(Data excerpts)

========================

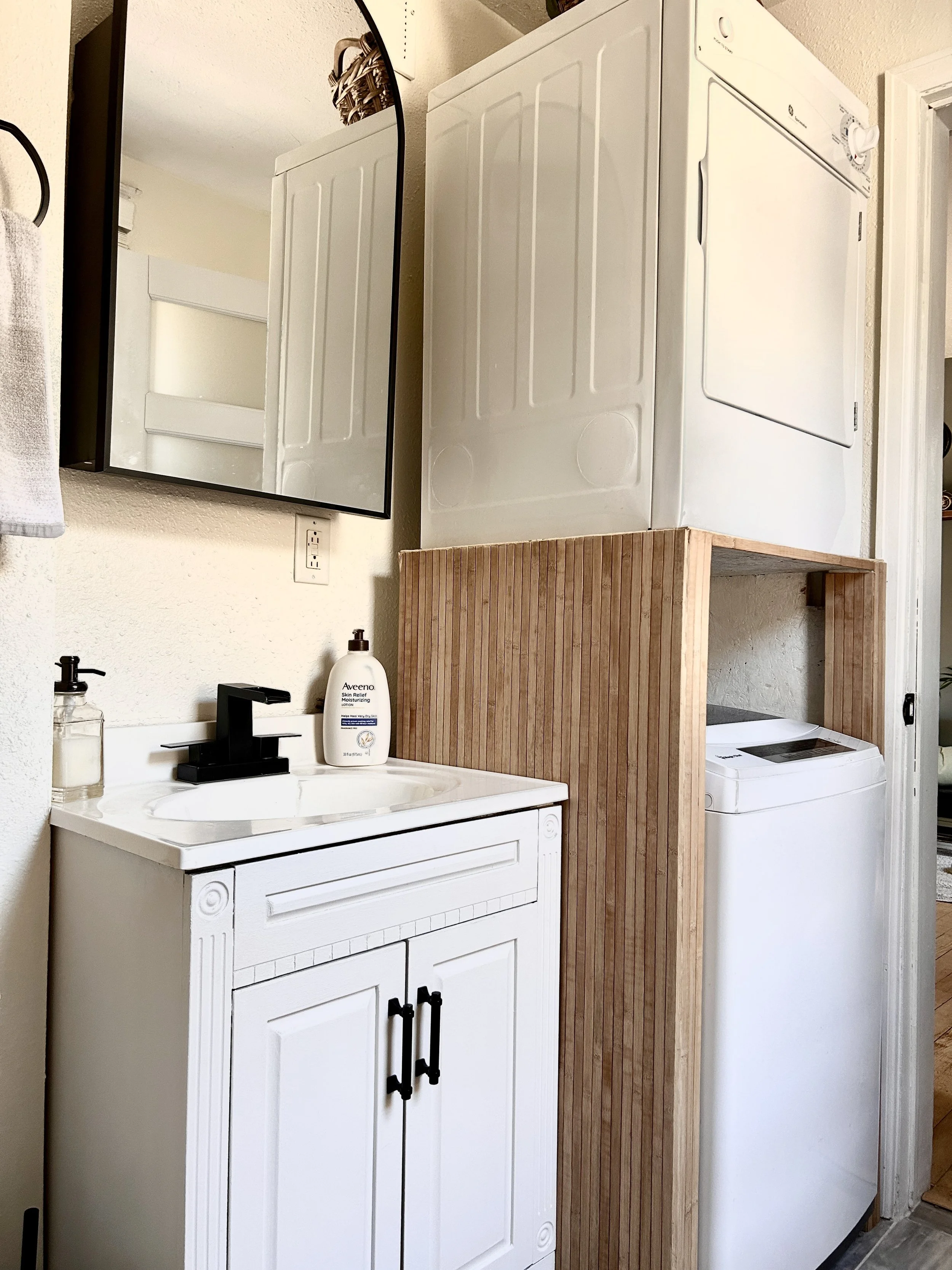 Laundry room with washing machine, utility sink, cabinet, mirror, and skincare products.
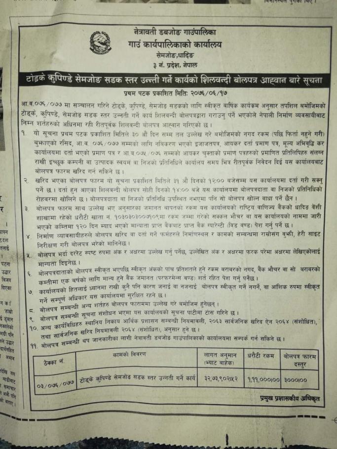 टाेड्के कुपिण्डे सेमजाेङ सडक स्तर उन्नती गर्ने कार्यकाे शिलबन्दी बाेलपत्र अाह्वान बारे सूचना ।
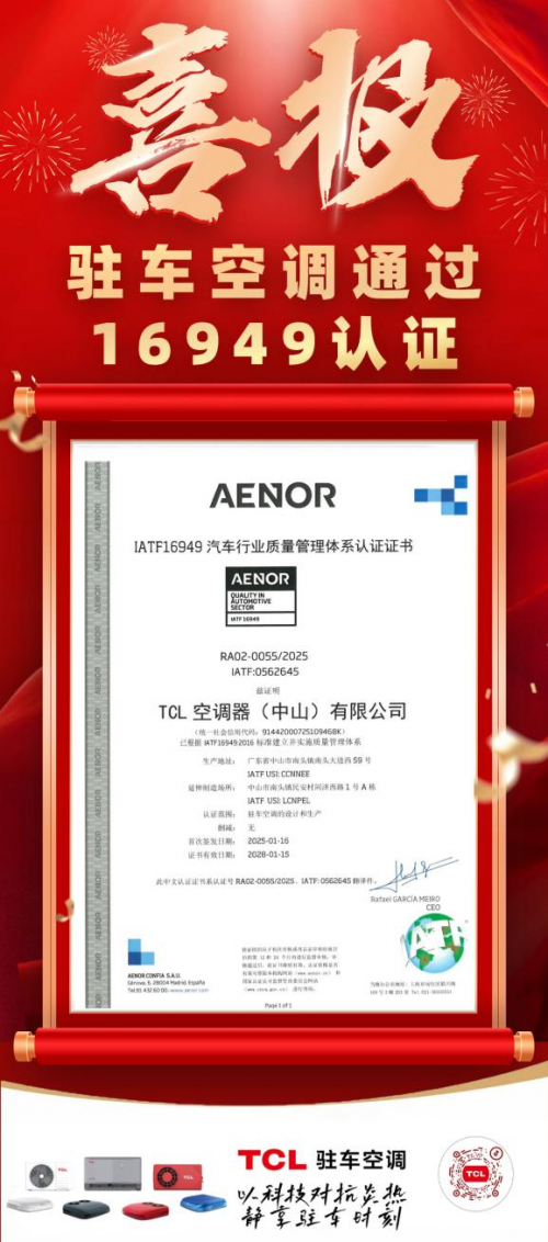 据悉,IATF 16949是由国际汽车推动小组(IATF)和国际标准化组织(ISO)共同制定的针对汽车行业的质量管理体系标准,旨在持续改进、强调缺陷预防以及减少供应链中的变差和浪费。获得此认证,充分证明了TCL驻车空调在设计开发、生产和服务过程中的高质量水平。
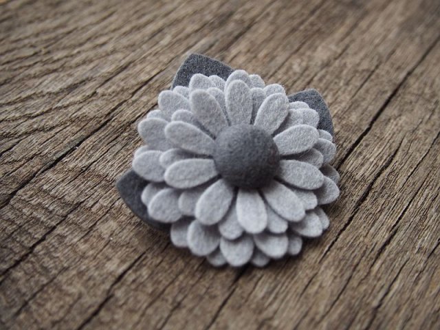 Broszka przypinka kwiatuszek z filcu merino w środku ręcznie robiony guzik Śr. kwiatka ok. 5 cm , zapięcie broszkowe z blokadą. PROJEKT AUTORSKI !
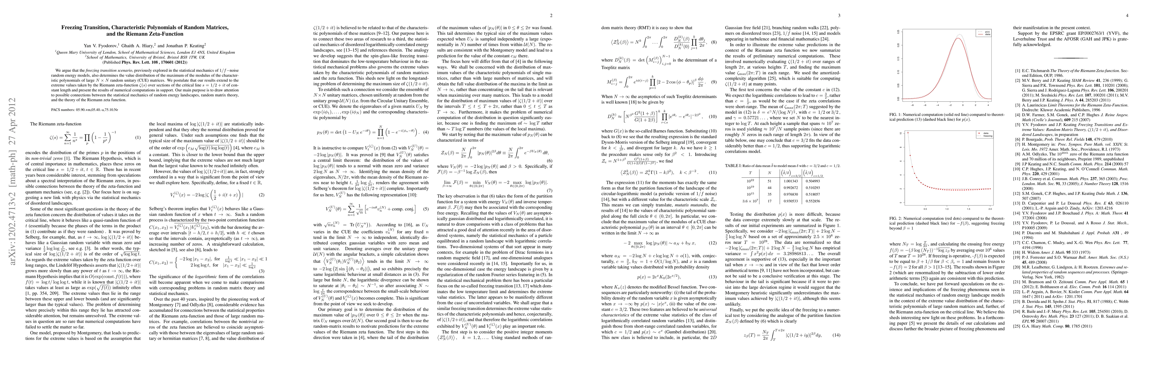 This paper explores the freezing transition in statistical mechanics and links it to the distribution of the maximum modulus of characteristic polynomials of large random unitary matrices (CUE). It also conjectures connections to the extreme values of the Riemann zeta-function along the critical line, supported by numerical computations.
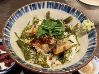 ジャンキーなお茶漬け! 国産ウナギの天ぷら茶漬け。ひつまぶしを茶漬けにしたように見えますが、もっとジャンキー、だけどウナギの味がしっかりしててなかなか美味! そしてイサキ1本半刺し半天ぷらで…刺身はしっかり味があり、天ぷらはふわふわ… お通しはマグロと真鯛の握り🍣
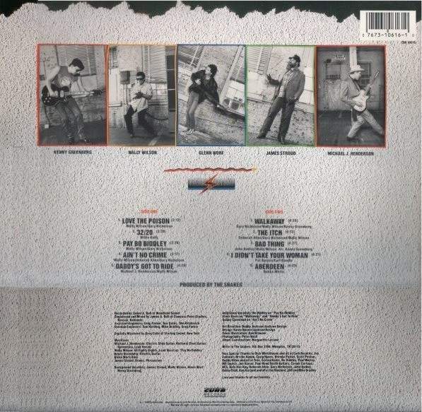 The Snakes are Mike Henderson (Guitars, Harmonica and Lead Vocals), Wally Wilson (All Eighty Eights), Kenny Greenberg (Electric Guitar), James Stroud (Drums, Percussion) and Glenn Worf (Bass).

========================

* _Task details_
Write out exactly the run of lines above that starts at the line containing "据悉,IATF 16949是" and ends at the line containing "Broszka przypinka kwiatuszek". Include both, and leave the pictures out.

* _Result of this exercise_
 据悉,IATF 16949是由国际汽车推动小组(IATF)和国际标准化组织(ISO)共同制定的针对汽车行业的质量管理体系标准,旨在持续改进、强调缺陷预防以及减少供应链中的变差和浪费。获得此认证,充分证明了TCL驻车空调在设计开发、生产和服务过程中的高质量水平。
 Broszka przypinka kwiatuszek z filcu merino w środku ręcznie robiony guzik Śr. kwiatka ok. 5 cm , zapięcie broszkowe z blokadą. PROJEKT AUTORSKI !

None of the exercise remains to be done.